For now, lets focus on the UI aspect, here is the portion from my previous

Should we move away from the way we handle privacy states, where we present
the user with options like allow all, allow users on buddy list, block all,
block users below, allow users below. Should we keep following this
interface and fake those states which the protocol doesn't provide, or
should we scrap it and redesign a new interface, that allows us to tune
features beyond that can be provided by the older interface.

Ethan has to say the following over this topic:

"I think that we all agree that we want to move away from the "Allow all
below", "Block all below", etc. etc. to something more coherent. I have been
thinking something like:

[ ] Block messages from all users not on my buddy list

[ ] Block {chat invitations, subscription requests, etc.} from all users not
on my buddy list

[ ] Allow users who are not on my list to see my presence


Per-buddy settings
| Buddy name       | Block   | Block Chat   | Block File Transfer     |
| Ethan Blanton    |         | X            | X                       |
| Sulabh Mahajan   |         |              | X                       |
| Richard Stallman | X       | -            | -                       |

(This final table would almost certainly have more columns.)

The settings applied to each prpl, specifically, would then be computed from
the union of all of these settings.

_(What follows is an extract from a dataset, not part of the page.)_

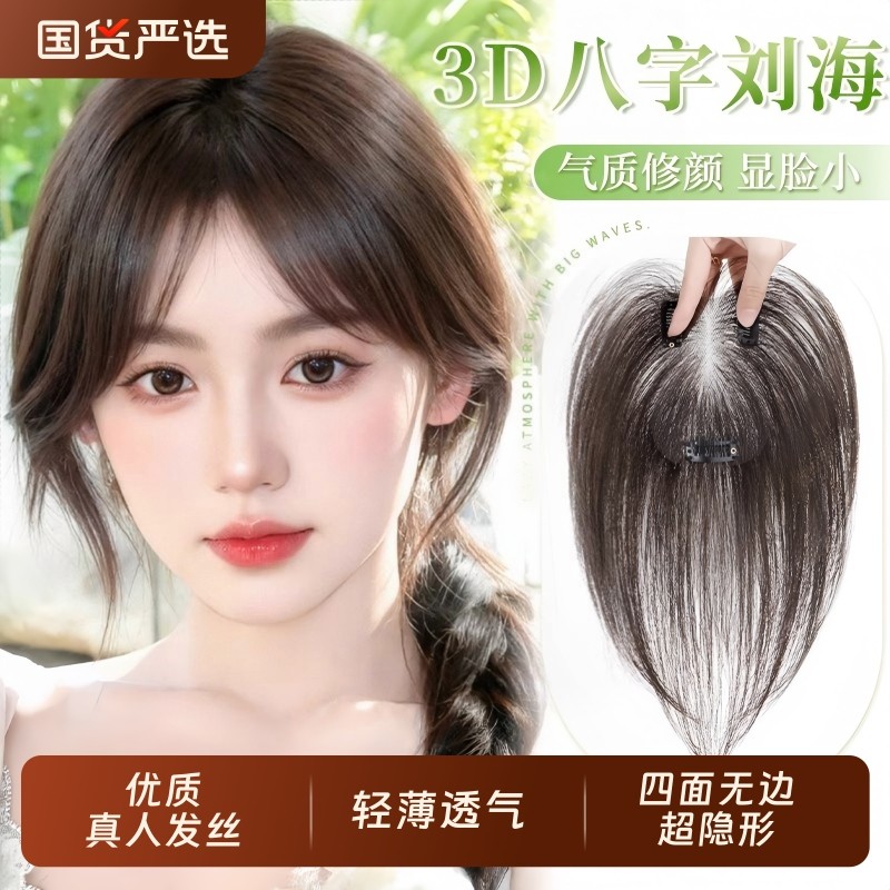 八字刘海假发女片头顶仿真发遮白发蓬松高颅顶隐形自然无痕补发片

The user should not have to know that a
particular protocol is set to "Allow only listed", with the items of the
list being the buddy list. We should hide all of that from them.  As you
suggest, we should then "clean up" anything that the protocol itself cannot
handle with local policy.

There does remain a question of what to do about, for example, protocols
which simply have no "invisible" type state, or cannot block subscription
information; we should probably discuss this as a group. "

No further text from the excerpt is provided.